* _Available data_:
········

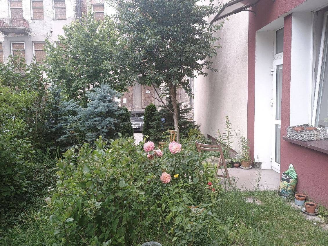 Do mieszkania przynależy pas ziemi w formie ogrodu o powierzchni 101,35 m2, obecnie w procesie wykupu na własność raz drugi ogródek od strony klatki schodowej.
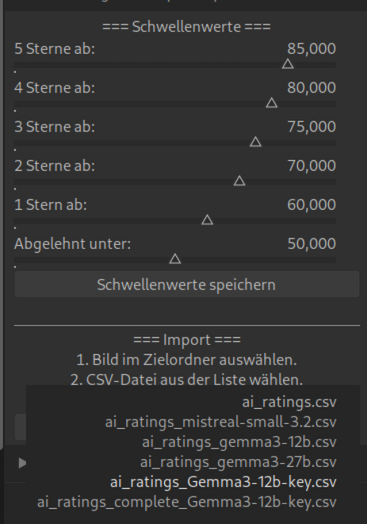 Bilder Rating – Anzahl der Kriterien 5/10/17
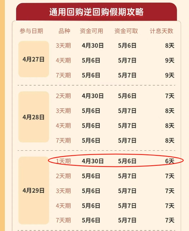 单从计息时间来看,目前最佳操作日期是4月29日(周三),操作1天期逆回购,可享受6天的利息,4月30日资金可用,5月6日资金可取。值得注意的是,4月30日是假期前最后一个交易日,如果在这个时间操作逆回购,投资者将享受不到假期收益。
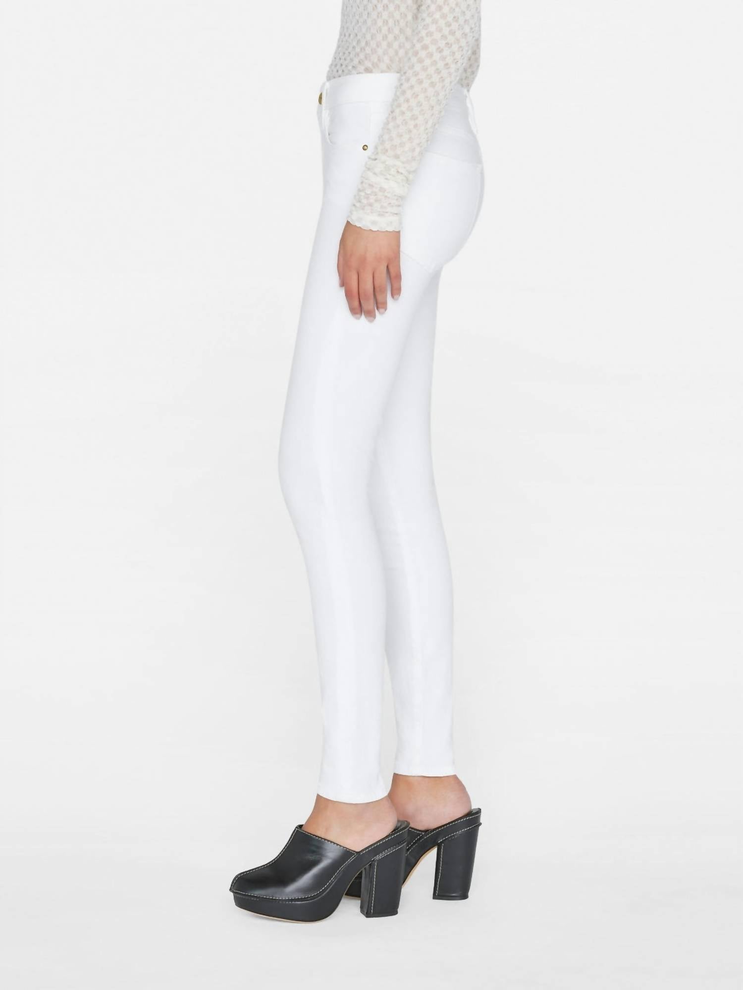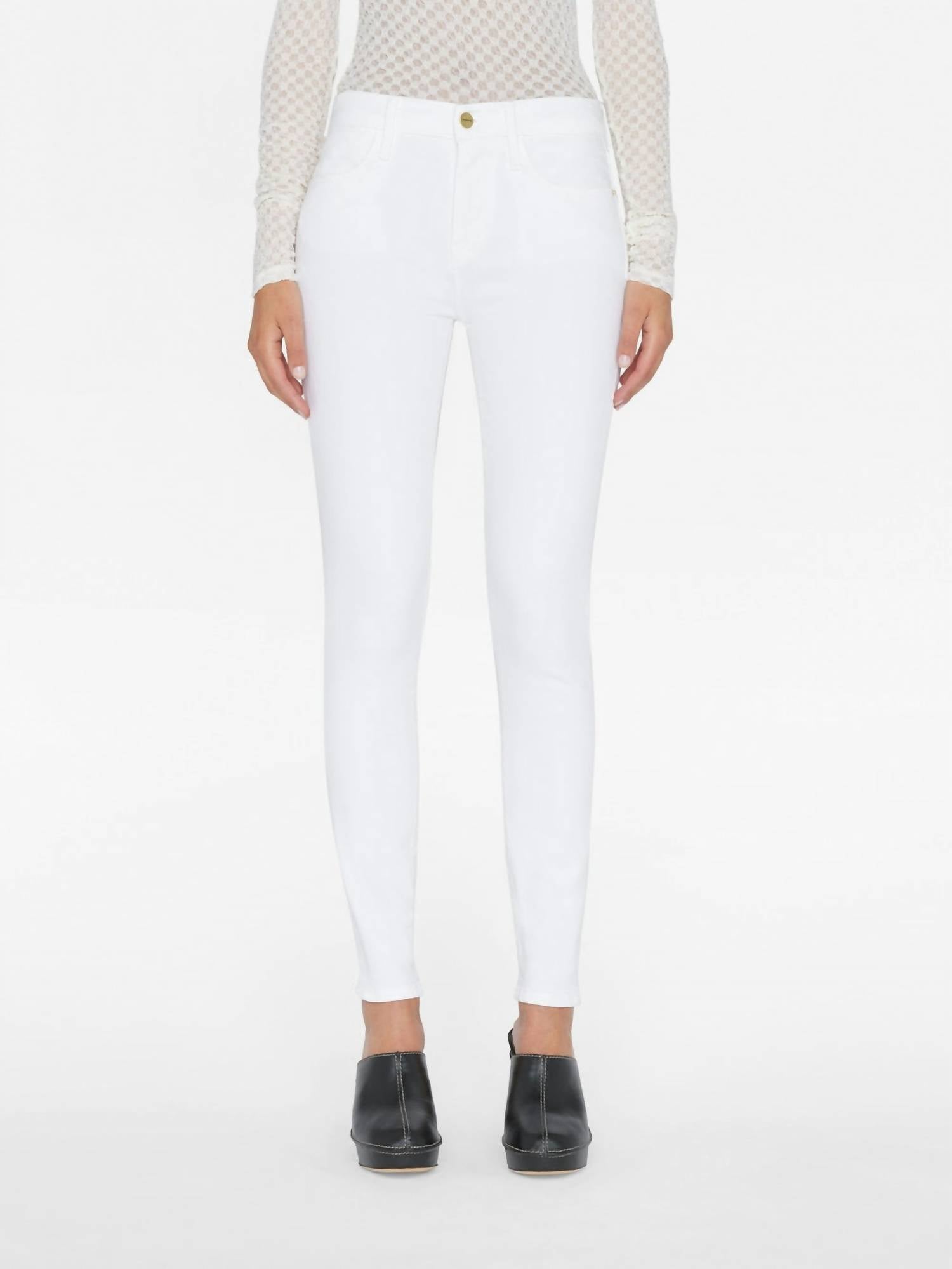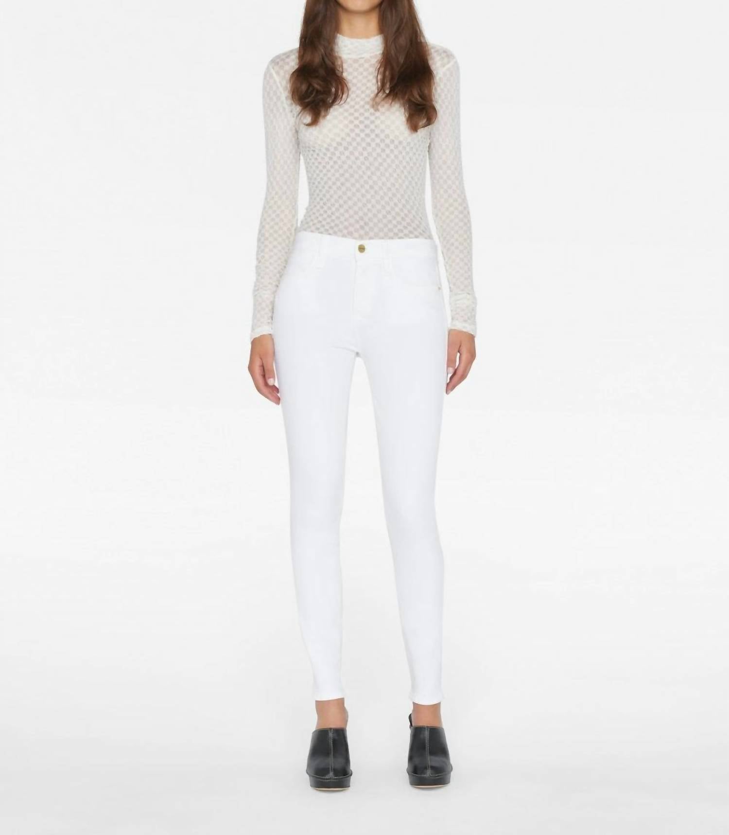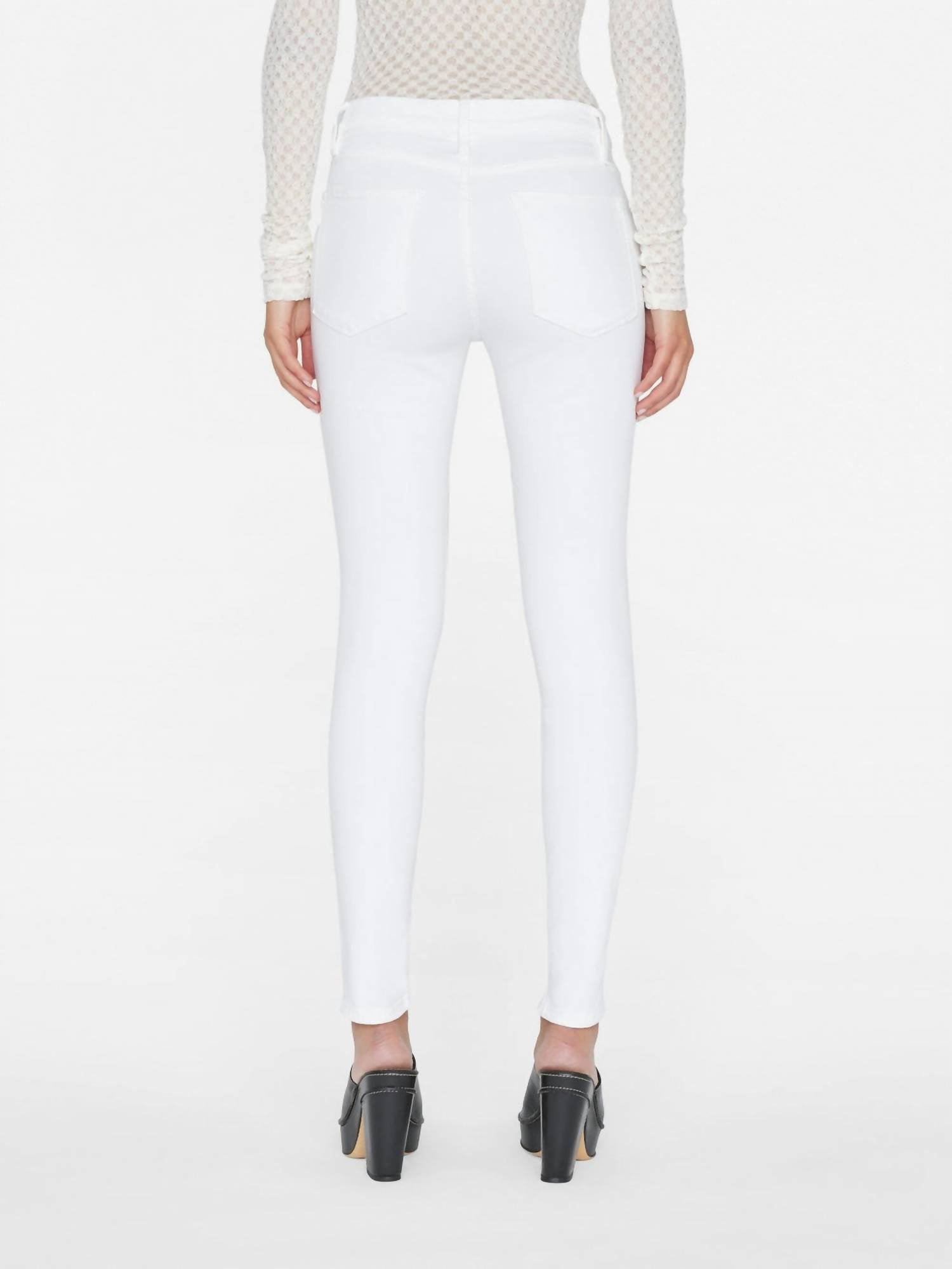 Everyone needs a good pair of skinny jeans and this is a style you'll keep reaching for no matter the season. The FRAME Le High Skinny Jeans offer a seamless blend of classic 70s high-rise style with modern skinny leg design, perfect for both workwear and concert occasions. Crafted from 100% premium cotton in a solid white hue, these jeans feature super stretch fabric for enhanced comfort and recovery. They are equipped with pockets and a zip closure for practicality. Care instructions recommend machine wash and tumble dry for easy maintenance, making these jeans a versatile addition to your spring wardrobe.

········

* _Assignment_: Skip the pictures; extract only the lines from the line with "单从计息时间来看,目前最佳操" through the final line of the material, exactly as they appear.

* _Exercise answer_:
 单从计息时间来看,目前最佳操作日期是4月29日(周三),操作1天期逆回购,可享受6天的利息,4月30日资金可用,5月6日资金可取。值得注意的是,4月30日是假期前最后一个交易日,如果在这个时间操作逆回购,投资者将享受不到假期收益。
 Everyone needs a good pair of skinny jeans and this is a style you'll keep reaching for no matter the season. The FRAME Le High Skinny Jeans offer a seamless blend of classic 70s high-rise style with modern skinny leg design, perfect for both workwear and concert occasions. Crafted from 100% premium cotton in a solid white hue, these jeans feature super stretch fabric for enhanced comfort and recovery. They are equipped with pockets and a zip closure for practicality. Care instructions recommend machine wash and tumble dry for easy maintenance, making these jeans a versatile addition to your spring wardrobe.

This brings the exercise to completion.